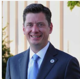
DAVID HOLT Mayor of Oklahoma City, OK
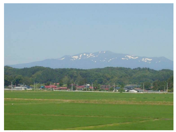
Figure 3. Mount Kurikomayama
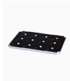
Large Recharging Tray 12 Lamps
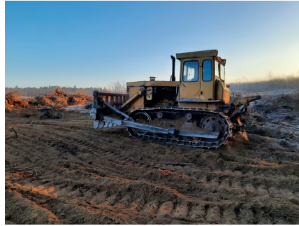
Figure 1. Stump depositing is in progress (HP 7 H)—original photograph taken by the author István Attila Kocsis.

The maximum humus content was found in the top 0–30 cm layer. At depths below 30 cm, we determined a humus content of less than 0.1% in each soil profile before plowing. After plowing (Figure 2), samples were extracted from depths of 0–30 cm and 30–70 cm, as well as from the rows where the stumps were deposited.
# # # # #
* Goal of the exercise *
How would the lines above read from the one with "Figure 3. Mount Kurikomayama" to the one with "Figure 1. Stump", inclusive, with no pictures? Write them out exactly.

* Answer to this exercise *
Figure 3. Mount Kurikomayama
Large Recharging Tray 12 Lamps
Figure 1. Stump depositing is in progress (HP 7 H)—original photograph taken by the author István Attila Kocsis.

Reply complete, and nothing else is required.